The risk that Merck’s campaign would generate a political controversy that jeopardized acceptability of the vaccine was forecast in empirical studies. It was also foreseen by commentators as well as by many medical groups, which argued that mandatory vaccination policies were unnecessary.
The FDA and CDC ignored these concerns, not because they were “in Merck’s pocket” but because they were simply out of touch. They had not mechanism for assessing the impact that Merck’s strategy might have or for taking the risks this strategy was creating into account in determining whether, when, and under what circumstances to approve the vaccine.
This is a tragedy too. We have tremendous scientific intelligence at our disposal for promotion of the common welfare. But we put the value of it at risk because we have no national science-communication intelligence geared to warning us of, and steering us clear of, the influences that generate the disorienting fog of conflict that results when policy-relevant facts become entangled in antagonistic cultural meanings.
6. A “new political science”
Cultural cognition is not a bias; it is integral to rationality. Because individuals must inevitably accept as known by science many more things than they can comprehend, their well-being depends on their becoming reliably informed of what science knows. Cultural certification of what’s collectively known is what makes this possible.

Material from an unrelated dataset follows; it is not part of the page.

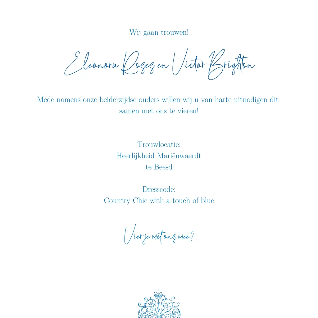 Trouwkaart in Delfts blauw ontwerp. (999999)
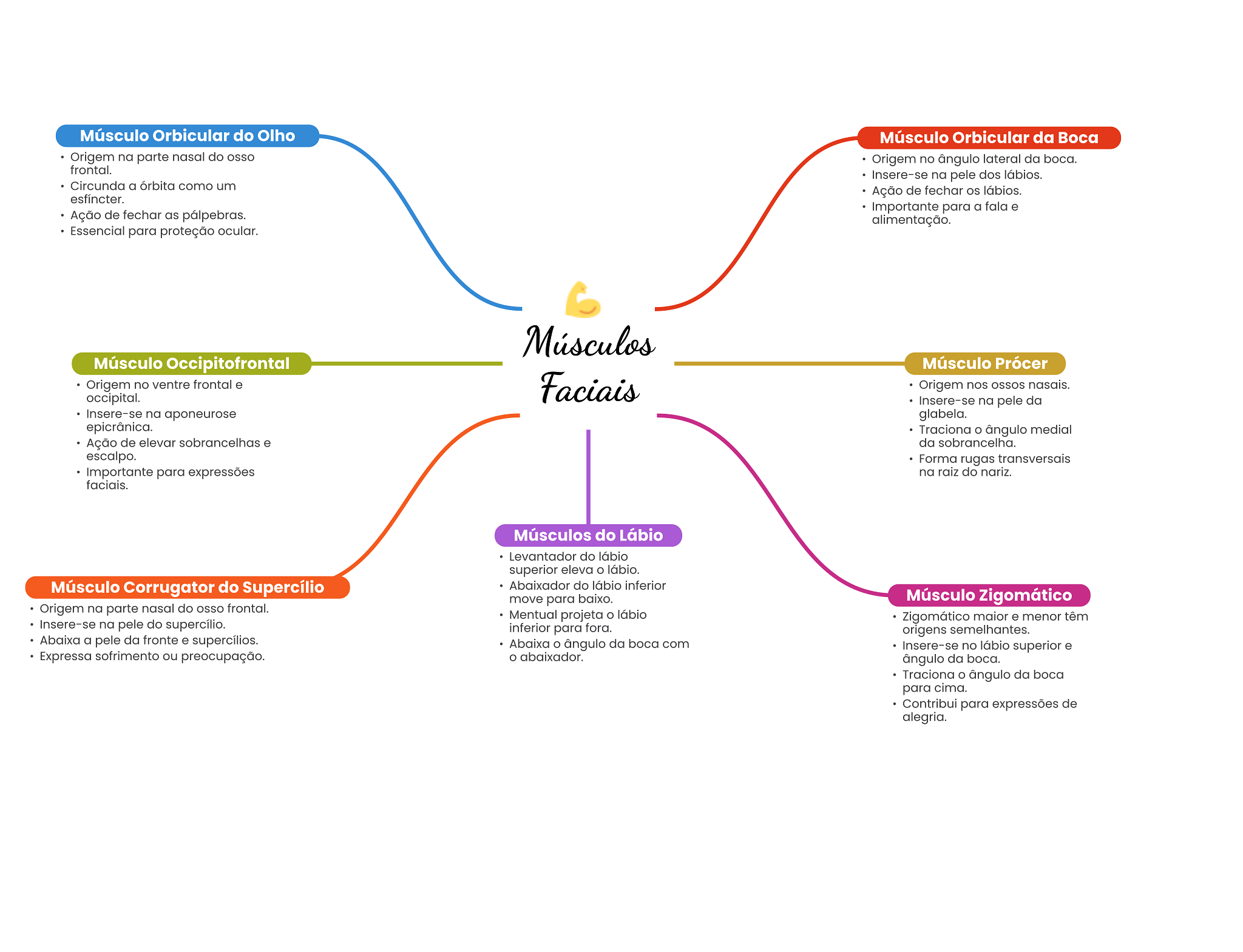 Músculo Orbicular do Olho Músculo Orbicular da Boca Origem na parte nasal do Origem no ângulo lateral da boca. frontal. Insere-se na pele dos lábios. Circunda a órbita como um Ação de fechar lábios. esfíncter. Importante para a fala e Ação de fechar as pálpebras. alimentação. Essencial para proteção ocular. Músculos Músculo Occipitofrontal Músculo Prócer Origem no ventre frontal e occipital. Faciais Origem nos nasais. Insere-se na pele da Insere-se na aponeurose glabela. epicrânica. Traciona ângulo medial Ação de elevar sobrancelhas e da sobrancelha. escalpo. Forma rugas transversais Importante para expressões na raiz do nariz. faciais. Músculos do Lábio Levantador do lábio superior eleva O lábio. Músculo Corrugator do Supercílio Abaixador do lábio inferior move para baixo. Músculo Zigomático Origem na parte nasal do frontal. Mentual projeta lábio Zigomático maior e menor têm Insere-se na pele do supercílio. inferior para fora. origens semelhantes. Abaixa a pele da fronte e supercílios. Abaixa ângulo da boca com Insere-se no lábio superior e Expressa sofrimento ou preocupação. abaixador. ângulo da boca. Traciona O ângulo da boca para cima. Contribui para expressões de alegria.

In a pluralistic society, however, the sources of cultural certification are numerous and diverse. Normally they will converge; ways of life that fail to align their members with the best available evidence on how to live well will not persist. Nevertheless, accident and misadventure, compounded by strategic behavior, create the persistent risk of antagonistic meanings that impede such convergence—and thus the permanent risk that members of a pluralistic democratic society will fail to recognize the validity of scientific evidence essential to their common welfare.

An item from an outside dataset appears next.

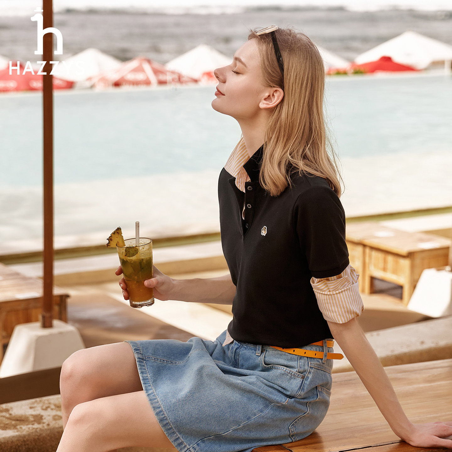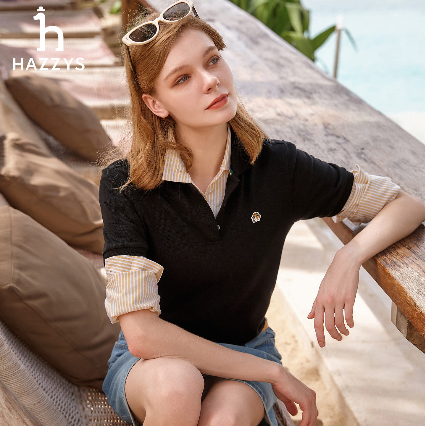 女春夏季 polo衫 Hazzys哈吉斯短袖 通勤休闲T恤上衣潮 液氨整理

This tension is built into the constitution of the Liberal Republic of Science. The logic of scientific discovery, Popper teaches us, depends on the open society. Yet the same conditions of liberal pluralism that energize scientific inquiry inevitably multiply the number of independent cultural certifiers that free people depend on to certify what is collectively known.

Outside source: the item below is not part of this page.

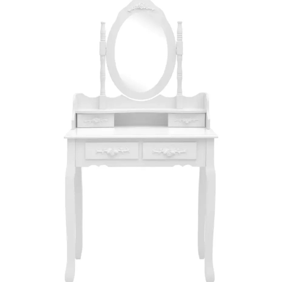 Dit prachtige dressoir is gemaakt van hoogwaardige paulowniahout en heeft een uniek silhouet en vier luxe poten. De 4 lades en 1 open vak bieden de perfecte hoeveelheid ruimte voor het opbergen van make-up en sieraden. Het tafelblad is ook een uitstekende plek om flesjes parfum of andere versieringen op te plaatsen. De meegeleverde kruk heeft een rugloze zitting die bestaat uit een kussen met een bijpassend houten onderstel. Bovendien benadrukt de ingebouwde spiegel het silhouet voor een eigentijdse flair.

At the birth of modern democracy, Tocqueville famously called for a “new political science for a world itself quite new.”
The culturally diverse citizens of fully matured democracies face an unprecedented challenge, too, in the form of the science communication problem. To overcome it, they likewise are in need of a new political science—a science of science communication aimed at generating the knowledge they need to avoid the tragic conflict between converging on what is know by science and being who they are.